Pour les médecins et les pharmaciens qui ont accès au Dossier santé Québec (DSQ), nos multiples ordonnances étaient pourtant visibles en quelques clics. La Dre Marie-Ève Goyer, spécialiste en dépendances, qui a accepté d’examiner les résultats de notre enquête, a pu voir en quelques secondes cinq de nos sept ordonnances – dont certaines qui étaient issues d’ordonnances falsifiées – s’afficher sur son écran d’ordinateur.

« Les pharmaciens qui vous ont donné ces médicaments sont branchés sur le réseau. Ils ont accès à ces données.
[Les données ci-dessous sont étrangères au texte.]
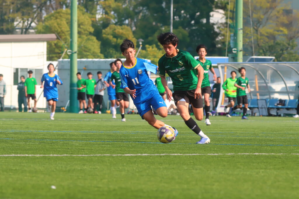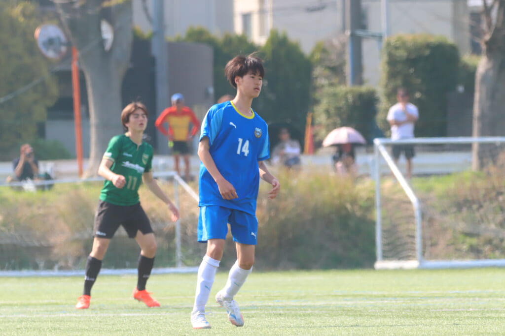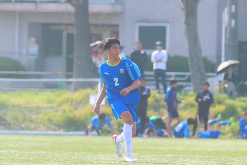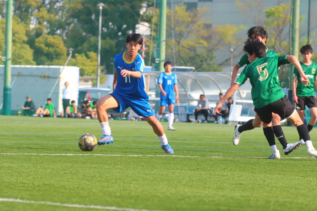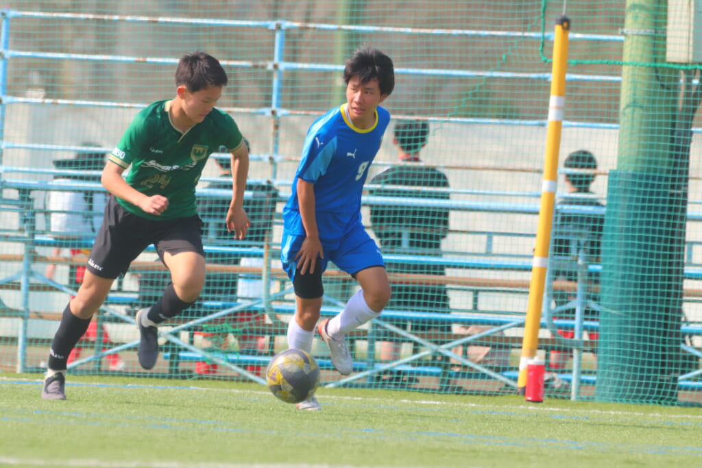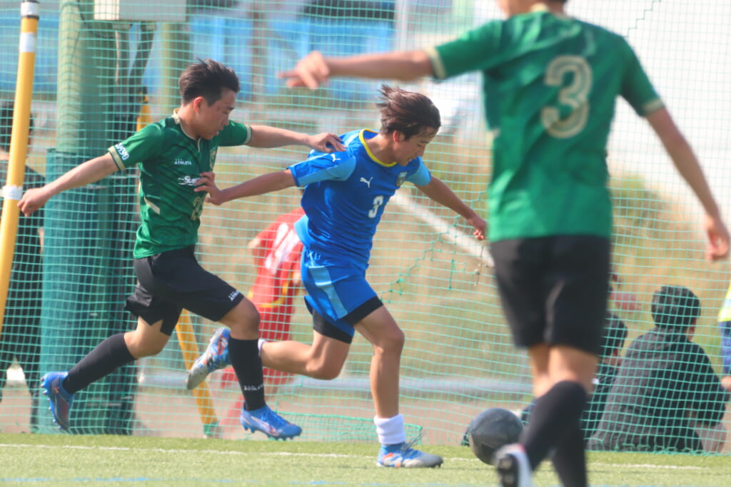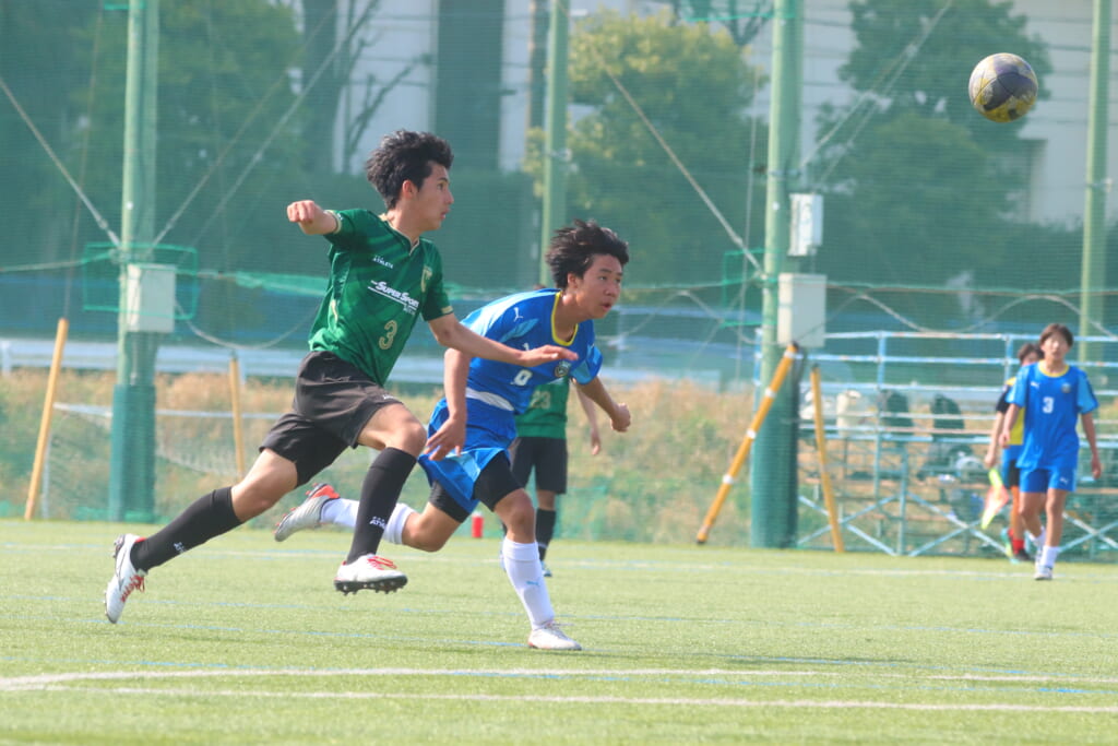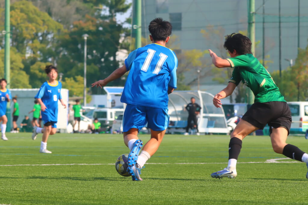 セカンドボールを拾い、左サイドへ展開してきたところでは岩田陸叶がカット。簡単に前には行かせずに対応。
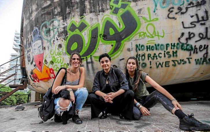 Las declaraciones ayer del presidente libanés, Michel Aoun, no calmaron los ánimos; solamente lograron desilusionar y enfadar más a los manifestantes que han paralizado el país. El levantamiento general que exige la caída del Gobierno se mantiene. En la imagen, tres libanesas certifican ese anhelo de cambio posando frente a un grafiti en árabe con la palabra «revolución».
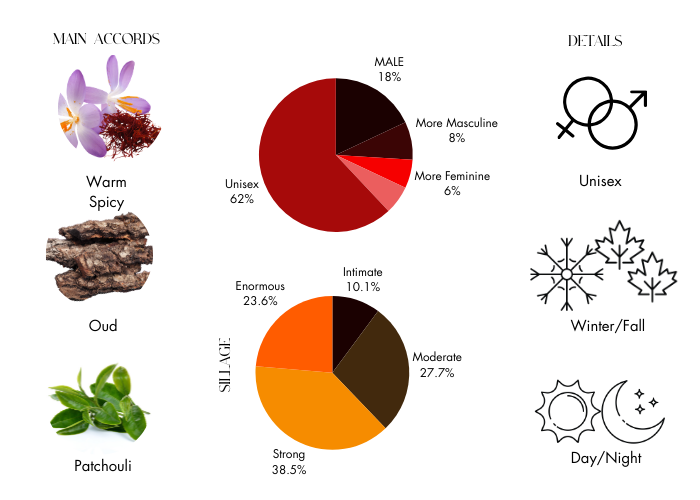 With each spray, Spicy Aoud unveils a harmonious blend of orange, saffron and patchouli, enticing your senses with their rich and aromatic embrace. As the fragrance settles on your skin, the captivating presence of musk takes center stage, evoking a sense of confidence and allure that is truly irresistible.
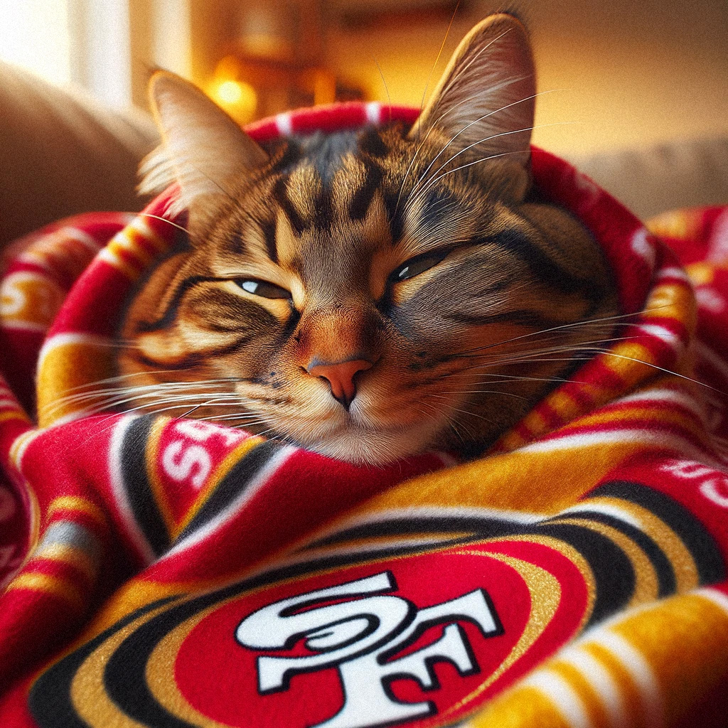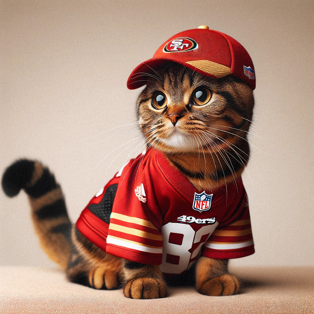 Rosie wants Brock Purdy and the San Francisco 49ers to win the Super Bowl today because she’s a Bay Area girl, and she bleeds red and gold. Always has since she was a kitten.
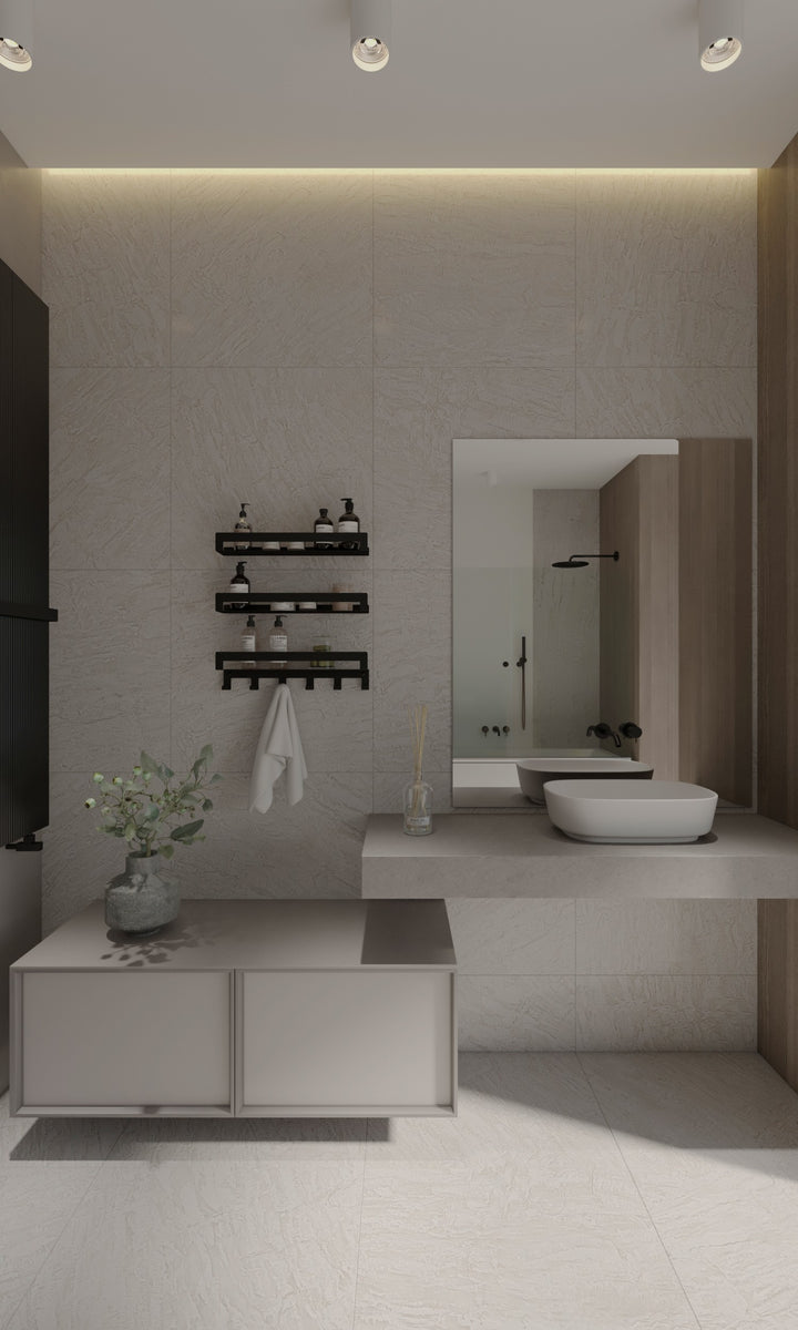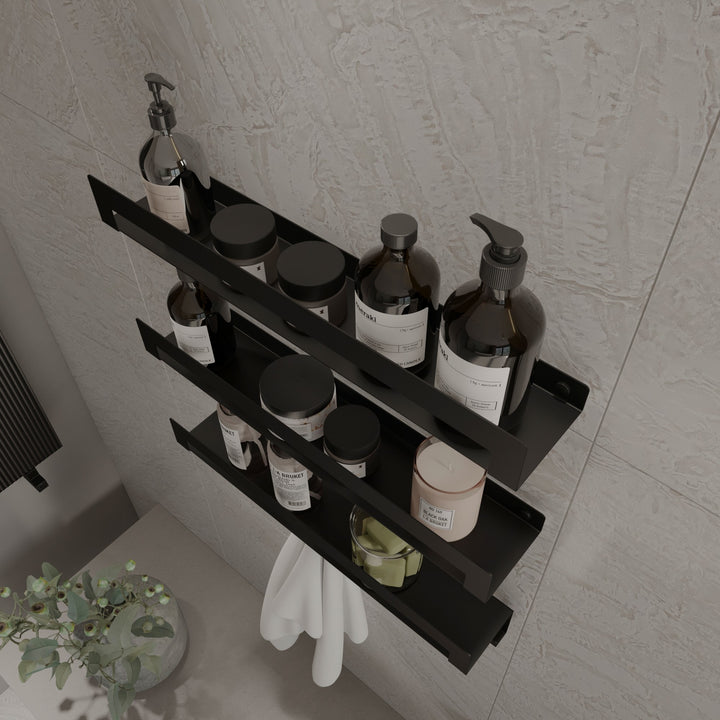 Fabricados en acero inoxidable con recubrimiento en polvo resistente a la humedad, estos estantes combinan durabilidad y estilo moderno. Su diseño compacto ayuda a aprovechar al máximo el espacio disponible.
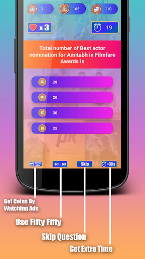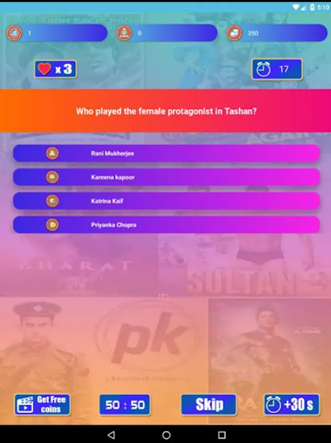 - There are three lifeline that help you in the game which you can avail by using your coins.
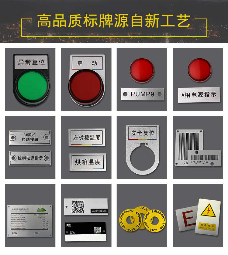 Dấu hiệu dừng khẩn cấp máy móc và thiết bị bảng tên tùy chỉnh hợp kim nhôm nút điện bảng hiệu nút ánh sáng tùy chỉnh - Thiết bị đóng gói / Dấu hiệu & Thiết bị Thiết bị đóng gói / Dấu hiệu & Thiết bị
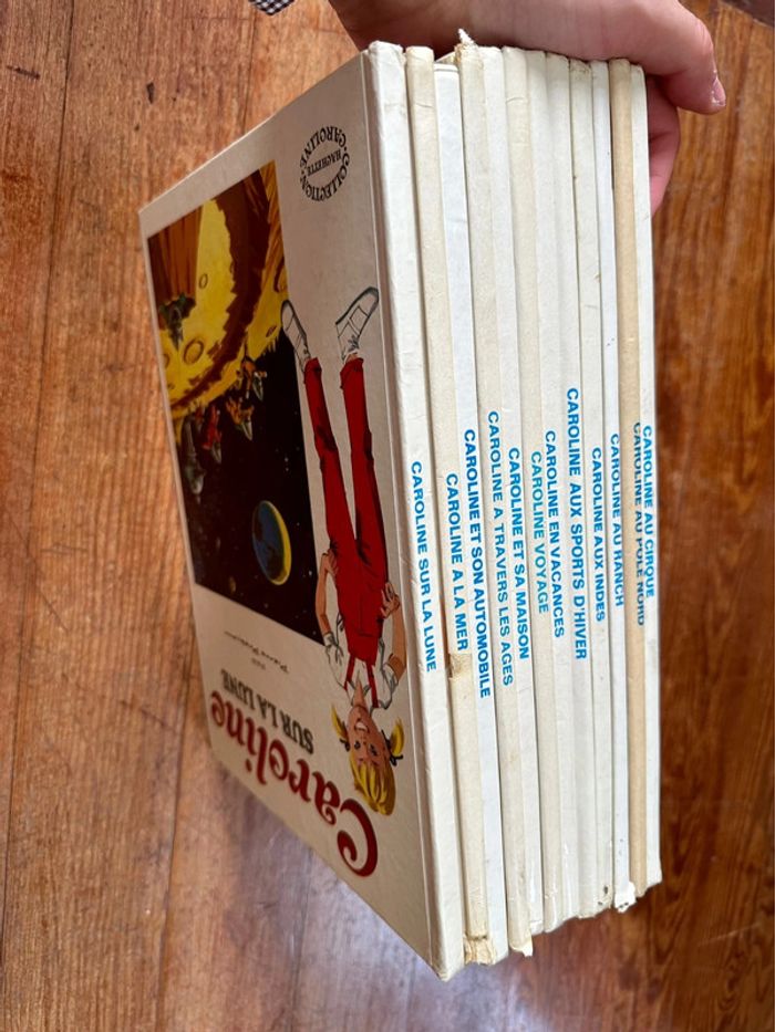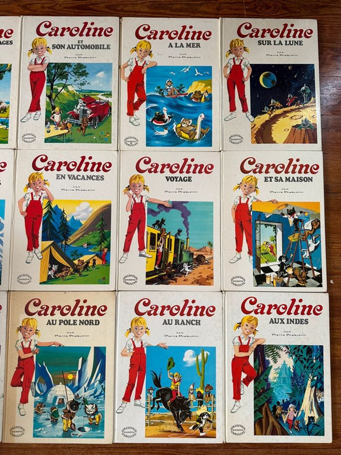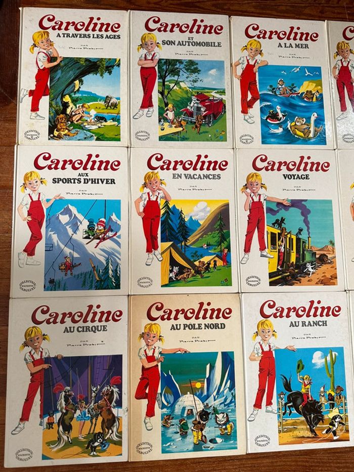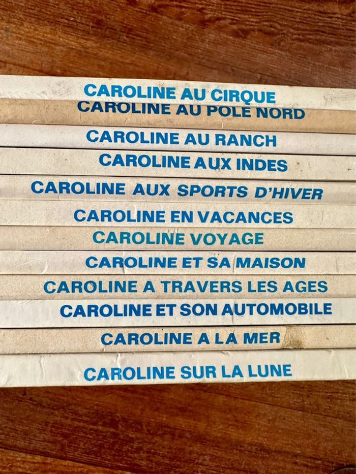 Lot de livres qui ont plus de 50 ans!!! Rare Envoi rapide et soigné Caroline au cirque Au pôle Nord Au ranch Aux Indes Aux sports d’hiver ski En vacances Voyage Et sa maison A travers les âges Et son automobile A la mer Sur la Lune

Il leur aurait fallu une seconde pour voir que vous aviez autant de prescriptions, toutes récoltées chez des médecins différents. » 

—La Dre Marie-Ève Goyer, spécialiste en dépendances

Pourquoi ne pas l’avoir fait ? Le DSQ est encore peu utilisé. « Ils ne le savent pas, ou c’est mal implanté, dit la Dre Goyer. Ce que votre enquête dit, c’est qu’on n’a aucun système de contrôle. On est très en retard au Québec sur l’informatisation. »

Pour la médecin, qui traite une clientèle de toxicomanes, notre tournée est « typique de la run de lait » d’une personne devenue dépendante de la morphine. « Ce que vous avez démontré, c’est qu’il est possible de consulter autant de médecins et de pharmaciens pour la même chose en si peu de temps sans qu’un drapeau rouge se lève. »

Selon elle, les médecins prescripteurs n’ont pas commis de faute professionnelle, mais ils auraient pu poser davantage de questions sur le présumé ulcère d’estomac avant d’en déduire qu’on ne pouvait prescrire des anti-inflammatoires. Ils auraient également pu poser davantage de questions pour cerner le risque de dépendance du patient.

« La morale de l’histoire, du point de vue d’un médecin qui ramasse les méfaits des narcotiques, c’est que la prescription de ce type de produit a été banalisée. Et nous, ça fait longtemps qu’on sonne l’alarme. »

NDLR : La Presse remettra à une pharmacie l’ensemble des comprimés récoltés lors de cette enquête. Nous nous engageons aussi à rembourser les frais encourus lors de nos six consultations médicales à la Régie de l’assurance maladie.